I really love my children. I love them just the way they are. I know they are not the easiest children in the world, and I can see for myself that a lot of my friends have easier children... sweet kids that are more mild-mannered and peaceful.

My kids are a handful and that's a fact. We all know it, they are a rough-and-tumble rowdy kind of bunch that giggle and yell and dance and jump and fight with each other and mouth off to me frequently. Trying to tame them is like trying to sedate a barrel of monkeys. The only way to do it would be to medicate them away from their own vibrant, vital personalities. I would never do that.

From what our mothers tell us, my husband and I realize that there is a REASON why our children are so full of beans... apparently, they get it directly from us.

I was never a violent child but I had strong, passionate emotions - tempestuous emotions. I think this can be seen in my children. My husband was so loud as a child that his father (a doctor) joked about removing his vocal chords. He also loved a good debate (still does!) and thrived on exercise and athletics. So the fact that our children are loud, emotional and full of energy seems to have roots in the obvious.

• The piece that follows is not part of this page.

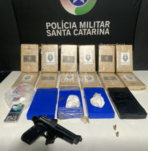 Na sequência, os policiais se deslocaram até a residência do suspeito, onde foram localizados aproximadamente 17 quilos de cocaína, uma munição calibre 7,65, uma munição calibre 9 mm e uma balança de precisão.

The saving grace in this is that maybe they will get some of our best characteristics too - our love of music, learning, life and friends. Our joy in nature, and our optimism. I would love it if they could experience some of the blessings we've derived from our personalities... maybe our open minds, warm and loving hearts, or the capacity for loyalty and integrity that he and I both possess.

So... in the end, despite my twinge of jealousy (and admiration) for the wonderful job my friend and her husband are doing with their beautiful and precious daughters; I look at our own unique, inventive, creative and enthusiastic children and know that I would not trade them for anything.

They are my rough diamonds, my cherubs with a twinkle in their eyes. They make me laugh, they make me cry, they fill my heart with true love. They make me the mother and woman I am today.